Antigen Testing and Self-Collection
The IDSA panel suggests either observed or unobserved self-collection of swab specimens for antigen testing if self-collection is performed. However, unsupervised individuals may misinterpret rapid antigen test results, as participants often misread positive antigen results and did not always understand how to interpret or respond to test results.

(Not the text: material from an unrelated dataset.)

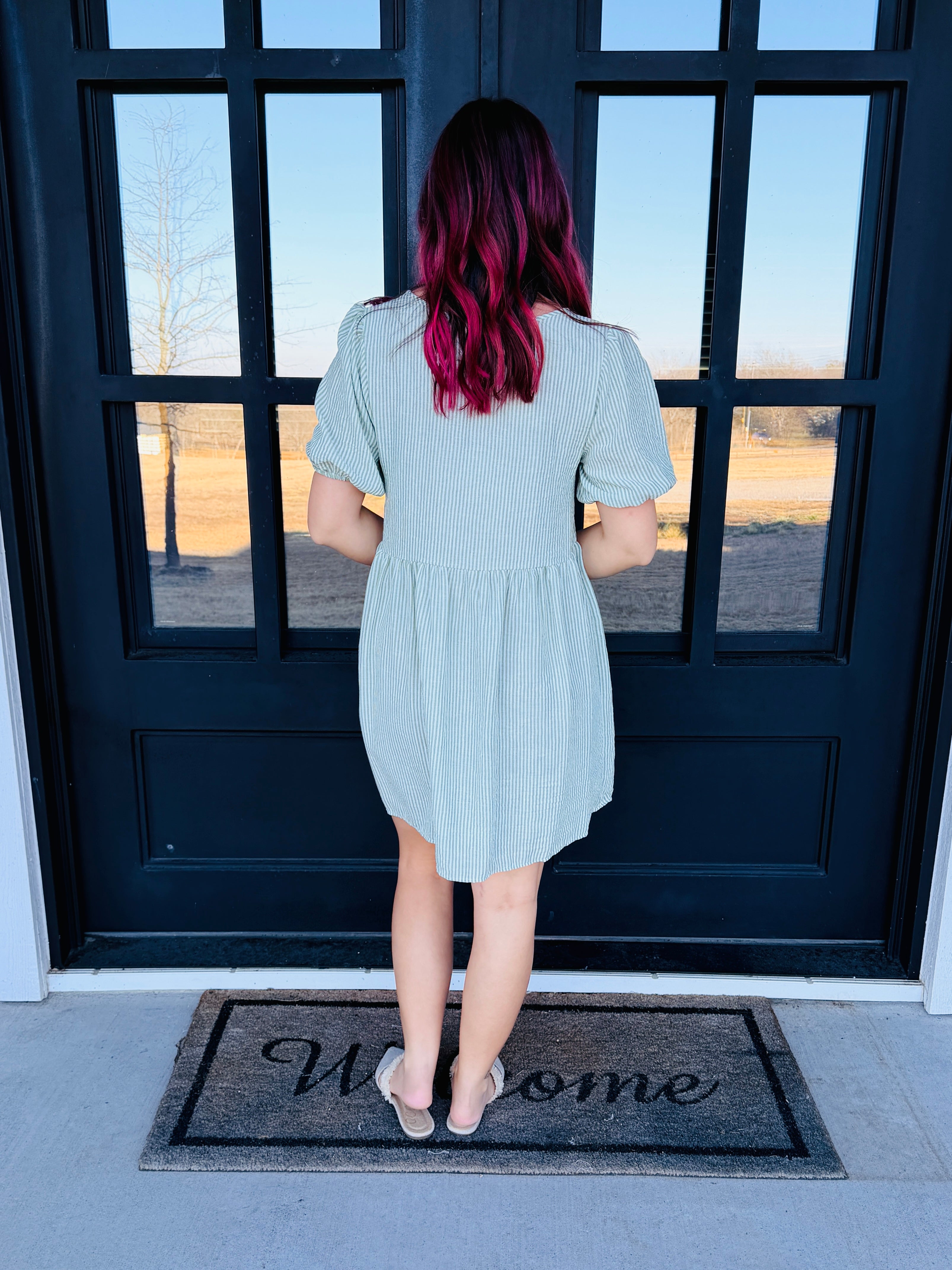 Keep Me In Mind Striped Mini Dress • Sage Green

Use of NAAT to Reduce SARS-CoV-2 Transmission
The IDSA panel advises against routine SARS-CoV-2 NAAT in asymptomatic individuals without a known exposure to COVID-19 who are being hospitalized or undergoing a medical or surgical procedure. The panel also suggests against routinely repeating NAAT in patients with COVID-19 to guide release from isolation.
Serologic Testing
Serologic testing provides informationabout past or current infection with the virus. The global seroprevalence of SARS-CoV-2 antibodies is nearly 100%, while in the US, the infection-induced seroprevalence of SARS-CoV-2 antibodies (anti-nucleocapsid) is nearly 80%. However, the role of serologic testing in COVID-19 diagnosis and management has been limited due to several factors.
Firstly, the IDSA recommends against using IgG antibodies to provide evidence of COVID-19 infection in symptomatic patients with a high clinical suspicion and repeatedly negative NAAT. Secondly, while serologic testing can assist with the diagnosis of multisystem inflammatory syndrome in children (MIS-C), it is recommended that both IgG antibody testing and NAAT be used to provide evidence of current or recent past COVID-19 infection.
When evidence of previous SARS-CoV-2 infection is required, the IDSA suggests testing for SARS-CoV-2 IgG, IgG/IgM, or total antibodies three to five weeks after symptom onset and against testing for SARS-CoV-2 IgM. Furthermore, when evidence of prior SARS-CoV-2 infection is desired, the IDSA suggests using serologic assays that target nucleocapsid protein rather than spike protein.
For individuals with previous SARS-CoV-2 infection or vaccination, the IDSA suggests against routine serologic testing given no demonstrated benefit to patient-important outcomes. Serologic testing may be useful for diagnosing MIS-C in pediatric patients, especially when NAAT or antigen testing is negative, to provide evidence of recent COVID-19 infection.A negative spike antibody test may identify immunocompromised patients who are candidates for immune therapy such as convalescent plasma or monoclonal antibodies, or to prioritize the administration of monoclonal therapies when supplies are limited.
In conclusion, NAATs remain the most sensitive tests for diagnosing COVID-19, and the sensitivity of antigen tests can be improved by repeat testing. For molecular testing, anterior nares and oropharynx alone are acceptable specimens but they have lower sensitivity than other sources. Optimal testing algorithms for diagnosis and identifying resolution of infectivity are likely to continue to evolve as population immunity increases.